Sono tappe in cui uno si può collegare tranquillamente negli ultimi 300 metri di corsa il 99,9% delle volte.

Assente la Rai
23 agosto 2025 18:17 ghorio
Come al solito , assente la rai(minuscolo sempre), anche se la Vuelta non ha niente da invidiare a Tour e al Giro, a mio parere. Così gli appassionati di ciclismo si rifanno con i siti tipo l'autorevole Tuttobiciweb , almemno quelli che non sono abbonati a Discovery, vista la rottura con Sky. Seguire lo sport è diventata una giungla nella tv: adesso sembra che lo sport in Italia sia solo il tennis, per gli spazi immensi che vi dedicano le tv e anche i giornali. Addirittura alla Vuelta sul giornale più venduto in Italia è stata dedicata una breve.

Velocisti
23 agosto 2025 20:07 Tola Dolza71
Le corse per velocisti non sono poi così banali, ci sono aspetti tecnico tattico che rendono la corsa interessante ben prima dei 300 metri finali

Tappe per velocisti
24 agosto 2025 01:25 Gnikke
Quella di oggi era importante, come ad ogni inizio di GT, perché assegnava la prima maglia di leader! Altrimenti una volta queste tappe, soprattutto quando c‘era (come oggi) penuria di velocisti importanti, venivano chiamate “tappe di trasferimento”!!

Frank46
24 agosto 2025 11:01 Bicio2702
Come si fa a discriminare i velocisti in questa maniera.
Il ciclismo non è solo salite e cronometro.
Le tappe con arrivi in volata di gruppo sono spettacolari

Bicio2702
24 agosto 2025 13:31 Frank46
Non le discrimino io le discriminano gli organizzatori. Una volta trovavi 13 tappe per velocisti e guai a piazzarci una salitela per rendere la tappa più incerta perché poi il Cipollino di turno ti montava una mega polemica...

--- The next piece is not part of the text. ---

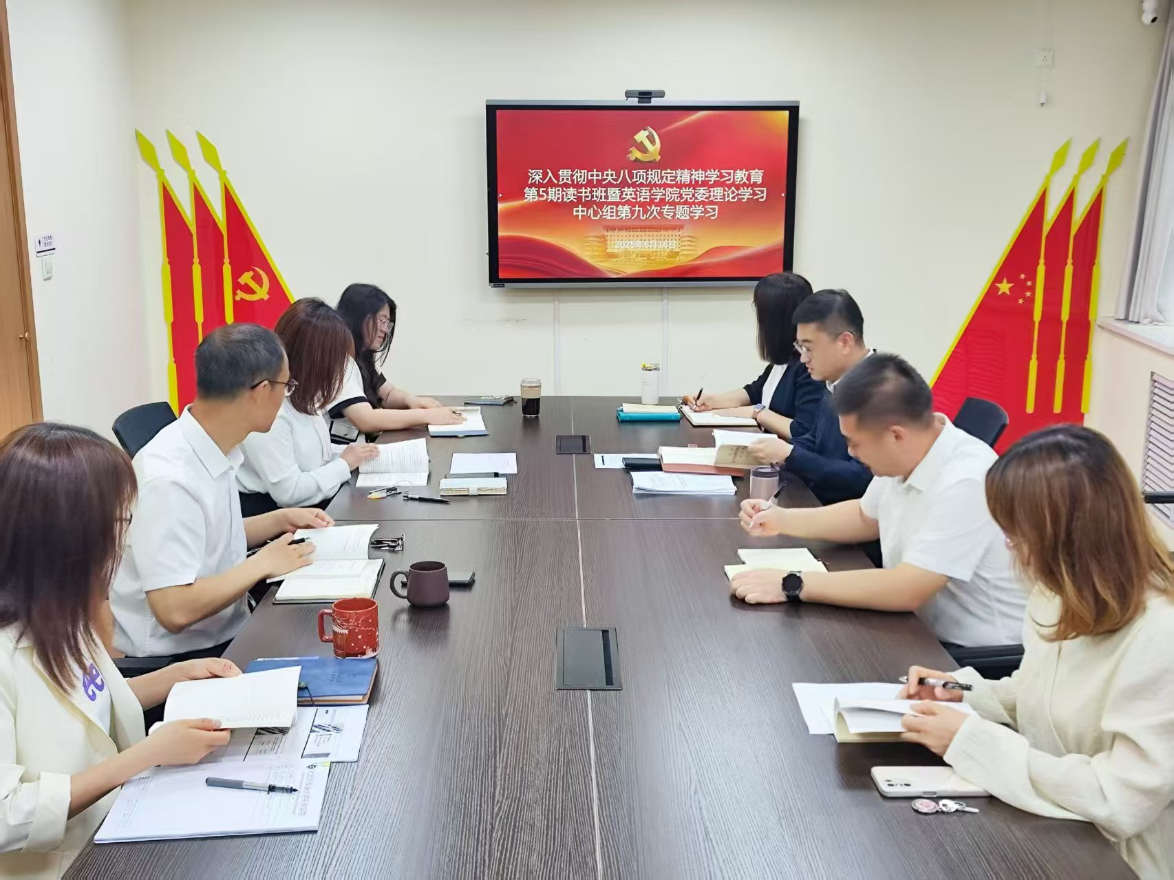 6月16日上午,英语学院党委理论学习中心组召开深入贯彻中央八项规定精神学习教育第5期读书班专题学习会议。党委理论学习中心组成员参加会议,学院党委书记梁若冰主持会议。

Solo io vedo che la maggior parte delle tappe per velocisti puri hanno sempre il solito svolgimento?

Fuga di 2/3 corridori di squadrette che vogliono fare in quadrare gli sponsor.

La velocità la decidono loro e quindi vanno a passeggio...

Sto parlando di tappe piatte non sto parlando di tappe per passisti veloci con qualche trabocchetto che può mettere in dubbio la volata finale.

Al Tour quest' anno hanno fatto medie molto alte con un dislivello elevato proprio perché non c' era quasi traccia di tappe per velocisti puri e al contrario c'erano tantissime tappe per passisti veloci e velocisti resistenti che facevano gola sia ai fuggitivi che ai velocisti resistenti e ai finisseur.

Le tappe per velocisti puri in qualsiasi GT hanno sempre lo stesso pallosissimo svolgimento e giustamente in pochi le seguono.

Poi ogni volta si fanno polemica sul fatto che le fughe sono finte ecc ecc.

Chiaramente piazzandole nella prima tappa o all' ultima tappa la posta in gioco è più alta e c'è qualcosa che assomigli ad una gara.

Altrimenti non succede quasi mai nulla, a parte le cadute.

In rarissime occasione, soprattutto nelle tappe costiere, se c'è il vento laterale favorevole, e se ci sono squadre interessate a fare macello vengono fuori delle belle tappe.